▶ [Dataset records]
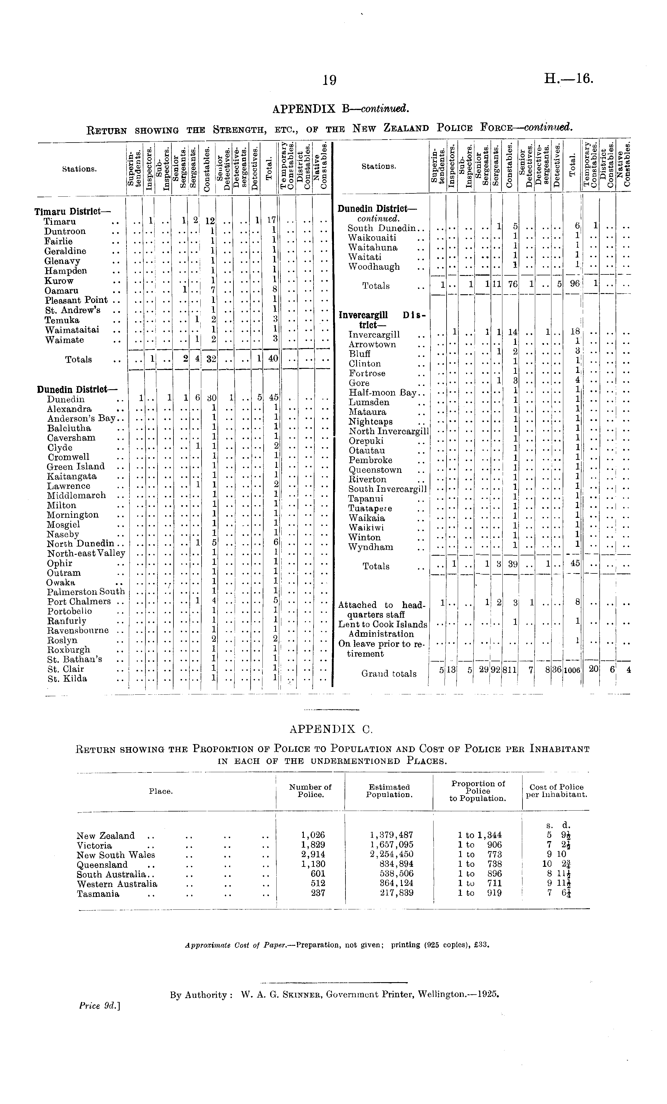 APPENDIX B —continued. Return showing the Strength, etc., of the New Zealand Police Force—continued.
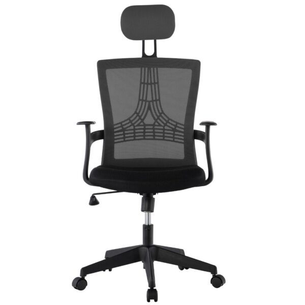 • Elegante sedia per ufficio, ideale per l’ufficio e la casa• Provvista di seduta imbottita e schienale alto in reteCaratteristiche:• Con braccioli• Seduta in tessuto di colore nero• Regolazione pneumatica dell’altezza• Base in nylon con ruote piroettanti in PUDimensioni:• Altezza: 1210 mm• Larghezza: 630 mm• Profondità: 590 mm
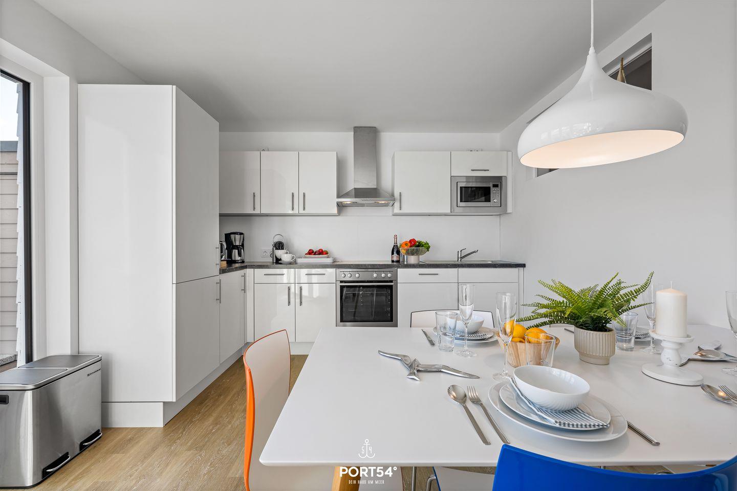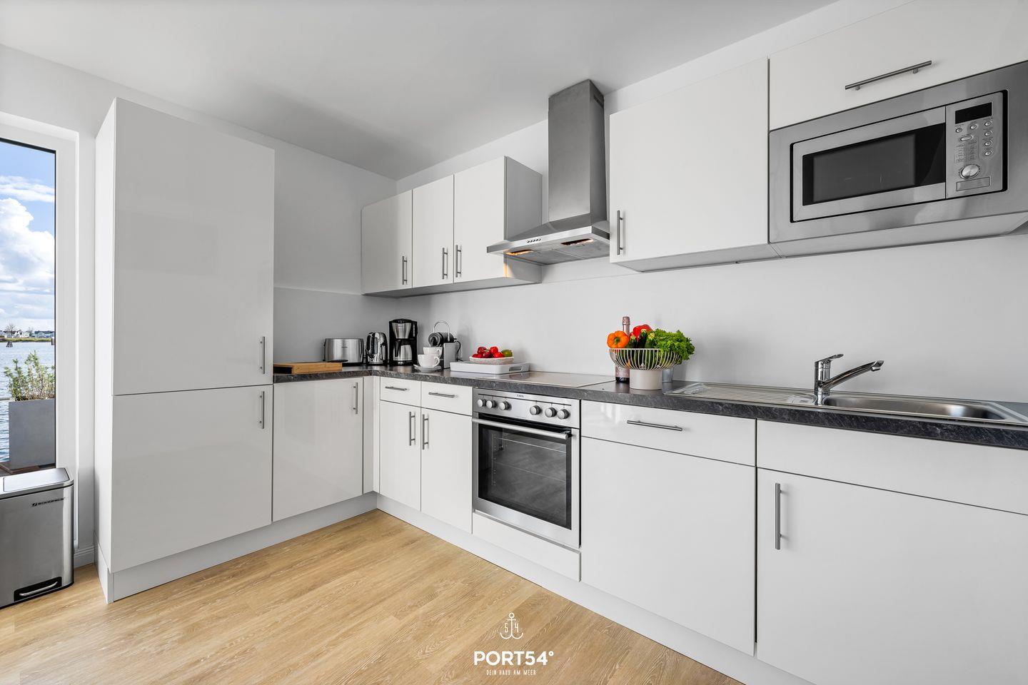 Die an den Wohnbereich angrenzende, offene Küche ist vollständig eingerichtet: Ceranherd, Backofen, Kühlschrank mit Gefrierfach, Spülmaschine, Kaffeemaschine, Nespresso-Espressomaschine, Toaster, Wasserkocher sowie sämtliche Küchenutensilien lassen keine Wünsche offen.
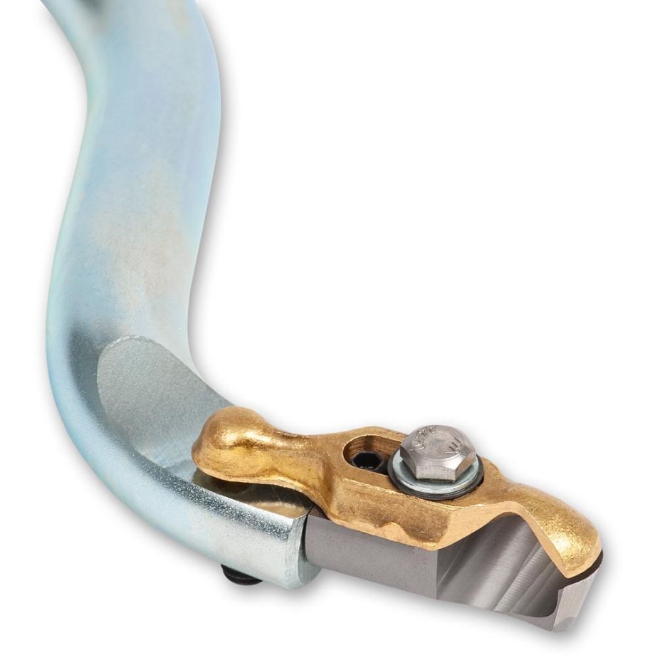 It features a unique parabolic shape, influenced by Parisian textile. This parabolic shape has a narrownose which is uniquely designed to cut end grain cleanly. The large outside curve is designed to cut the face grain on the side of the vessel creating wide shavings. The cutter is specifically designed to release the shavings efficiently, commonly referred to by Phil Irons as the "big exhaust", unlike many of the other hollowing tools on the market with round cutters which create an inefficient 'U" shape exit. The precisely designed bevel is uniquely designed to smoothly and effortlessly produce elegant curly shavings. The cutter is made of M2 HSS and delivered hollow ground. The brass gauge features a crisp edge and can be easily adjusted to control how much wood is cut and to prevent dig-ins.
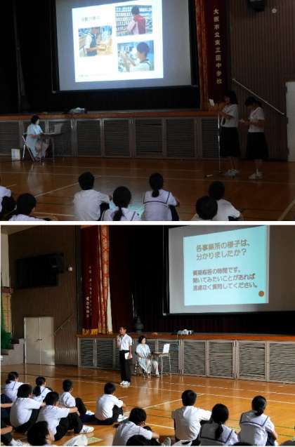 2年職場体験報告会は、1年生を招いて行われました。1年生は来年に職場体験を行うので参考にしてほしいですね。6種の職種から一つずつ発表されました。プレゼンもとてもよくできていて、わかりやすかったですよ。
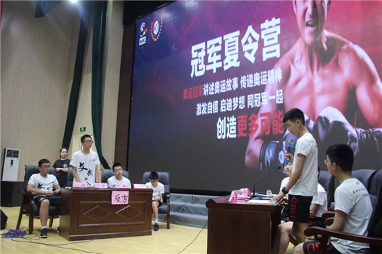 下午先是继续练习拳法,同学们经过几天的学习已经可以独自打一套拳了,晚上就是考验他们学习成果的时候,加油!拳法练习过后,吴寿健老师为大家讲解了什么是冠军!“冠军是一种状态”!孩子们认真听讲,受益匪浅。
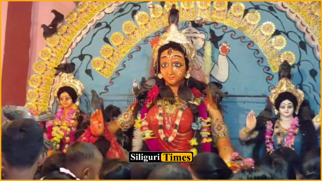 Jalpaiguri, 03rd October: On Ekadashi, Durga Puja celebrations resumed at the banks of Teesta in Jalpaiguri, where Goddess Durga is worshipped as Bandhani. For over 500 years, the tradition has been observed in the Barnes area of Maynaguri, Jalpaiguri.
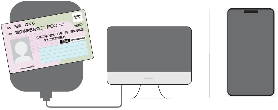 マイナンバーカードをICカードリーダライタ(または対応スマートフォン)で読取ります。
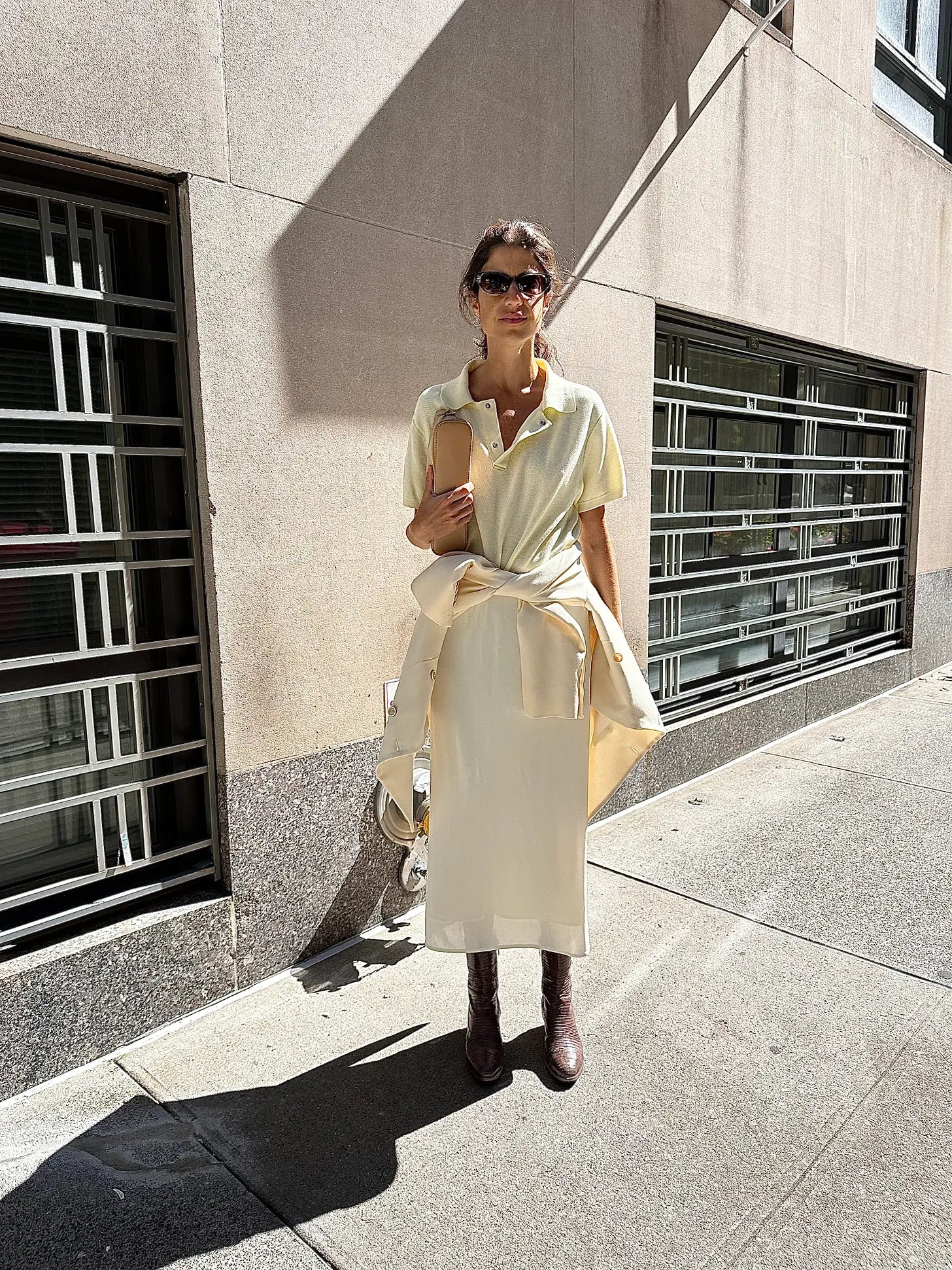 High Sport polo, Wardrobe.nyc blazer (in the theme of single breasts, I like this. In the theme of the Row…call me), The Row skirt (feels like cheating) and vintage cowboy boots I got from le real real for real real.

▶ [What is needed]
Treating the line with "Jalpaiguri, 03rd October: On" as the last line to include, retype the records exactly from their first line, excluding pictures.

▶ [Task answer]
 APPENDIX B —continued. Return showing the Strength, etc., of the New Zealand Police Force—continued.
 • Elegante sedia per ufficio, ideale per l’ufficio e la casa• Provvista di seduta imbottita e schienale alto in reteCaratteristiche:• Con braccioli• Seduta in tessuto di colore nero• Regolazione pneumatica dell’altezza• Base in nylon con ruote piroettanti in PUDimensioni:• Altezza: 1210 mm• Larghezza: 630 mm• Profondità: 590 mm
 Die an den Wohnbereich angrenzende, offene Küche ist vollständig eingerichtet: Ceranherd, Backofen, Kühlschrank mit Gefrierfach, Spülmaschine, Kaffeemaschine, Nespresso-Espressomaschine, Toaster, Wasserkocher sowie sämtliche Küchenutensilien lassen keine Wünsche offen.
 It features a unique parabolic shape, influenced by Parisian textile. This parabolic shape has a narrownose which is uniquely designed to cut end grain cleanly. The large outside curve is designed to cut the face grain on the side of the vessel creating wide shavings. The cutter is specifically designed to release the shavings efficiently, commonly referred to by Phil Irons as the "big exhaust", unlike many of the other hollowing tools on the market with round cutters which create an inefficient 'U" shape exit. The precisely designed bevel is uniquely designed to smoothly and effortlessly produce elegant curly shavings. The cutter is made of M2 HSS and delivered hollow ground. The brass gauge features a crisp edge and can be easily adjusted to control how much wood is cut and to prevent dig-ins.
 2年職場体験報告会は、1年生を招いて行われました。1年生は来年に職場体験を行うので参考にしてほしいですね。6種の職種から一つずつ発表されました。プレゼンもとてもよくできていて、わかりやすかったですよ。
 下午先是继续练习拳法,同学们经过几天的学习已经可以独自打一套拳了,晚上就是考验他们学习成果的时候,加油!拳法练习过后,吴寿健老师为大家讲解了什么是冠军!“冠军是一种状态”!孩子们认真听讲,受益匪浅。
 Jalpaiguri, 03rd October: On Ekadashi, Durga Puja celebrations resumed at the banks of Teesta in Jalpaiguri, where Goddess Durga is worshipped as Bandhani. For over 500 years, the tradition has been observed in the Barnes area of Maynaguri, Jalpaiguri.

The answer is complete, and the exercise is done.